# Trying to understand PGR and when to apply it.



## silvercymbal (Sep 17, 2018)

Hi, I am in Mass and wanted to start to use this probably next year at this point. I am wondering when to apply this or maybe even what your schedule is. I feel like a I get a ton of top growth and after a lot of renovation work this year my lawn got much better, still needs a lot. I am working to mowing low and I am hoping this will encourage the spreading of the grass as well. I am unsure when to apply though for this growing season. Any help is greatly appreciated.


----------



## zeus201 (Aug 30, 2017)

Check out the link in the cool season sticky about PGR, lots of great info there as well.

Basically you can start after the second mow of the season. I started around the first week of May and applied every other week at rate of ~0.40oz/M and stopped mid September.

However, there are several members here who use the GDD model to help with application timing. I have not reached that point yet and created a calendar reminder to apply PGR.

I also used some NIS to help with adhesion to the leaf blades. Unsure if helped but it did not harm anything. If I remembered I'd toss in some liquid iron @ 1oz/M to help add some color. But I swore just PGR made the grass greener / darker.

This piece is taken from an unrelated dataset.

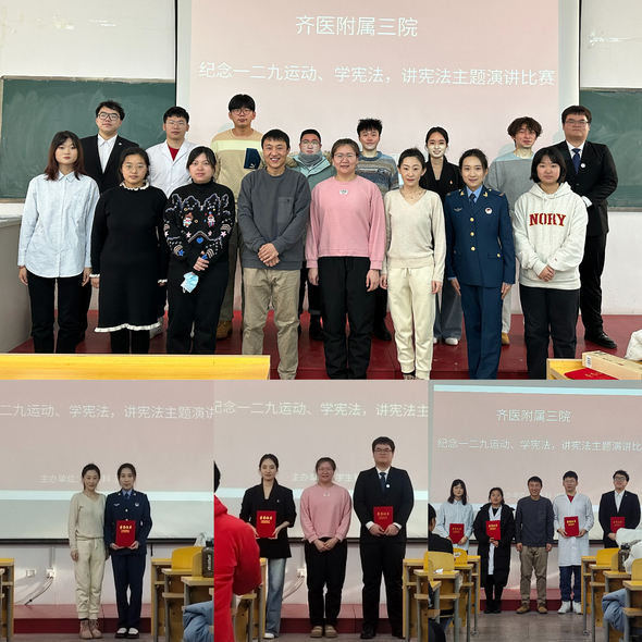 为铭记历史、缅怀先烈,深化学生的爱国情怀,同时普及宪法知识、弘扬宪法精神,由我院团委、学生科共同举办的“纪念‘一二·九’运动、‘学宪法,讲宪法’”主题演讲比赛于2023年12月9日在阶梯1教室正式拉开帷幕。我院团委书记王晓巍,学生科科长谭欣,学生科老师纪蕾、赵文凯担任比赛评委和颁奖嘉宾。

I love the stuff and will use as long as I am reel mowing or maintaining a shorter HOC.


----------



## SNOWBOB11 (Aug 31, 2017)

Give this thread a look https://thelawnforum.com/viewtopic.php?f=9&t=533. The general idea is you can start after you mow the grass twice in the spring and can apply around every 3 weeks if your using primo. There are other ways to get the timing of apps down such as GDD (growing degree days). You want to be careful applying if fungas is a issue. Other than that just apply when you want to suppress growth.


----------



## silvercymbal (Sep 17, 2018)

SNOWBOB11 said:


> Give this thread a look https://thelawnforum.com/viewtopic.php?f=9&t=533. The general idea is you can start after you mow the grass twice in the spring and can apply around every 3 weeks if your using primo. There are other ways to get the timing of apps down such as GDD (growing degree days). You want to be careful applying if fungas is a issue. Other than that just apply when you want to suppress growth.


Very cool! Thank you I will definitely check that out for sure. I really appreciate it.


----------



## SNOWBOB11 (Aug 31, 2017)

Looks like I kind of said basically the same thing as you @zeus201. Didn't mean to copy but wrote my post up already so I just figured I'd post.


----------



## Green (Dec 24, 2017)

When I first started messing with it a few years ago, I used full rate. That turned out to be overkill. I now use a fraction of the full rate (half to a third); this works well for the results I like.

Something else to keep in mind is that the effectivness interval really doesn't change much due to the rate of T-pac spray you use. It's mostly determined by temperature...but always seems to be close to 3 weeks.


----------



## zeus201 (Aug 30, 2017)

SNOWBOB11 said:


> Looks like I kind of said basically the same thing as you @zeus201. Didn't mean to copy but wrote my post up already so I just figured I'd post.


No worries!!!


----------



## silvercymbal (Sep 17, 2018)

Green said:


> When I first started messing with it a few years ago, I used full rate. That turned out to be overkill. I now use a fraction of the full rate (half to a third); this works well for the results I like.
> 
> Something else to keep in mind is that the effectivness interval really doesn't change much due to the rate of T-pac spray you use. It's mostly determined by temperature...but always seems to be close to 3 weeks.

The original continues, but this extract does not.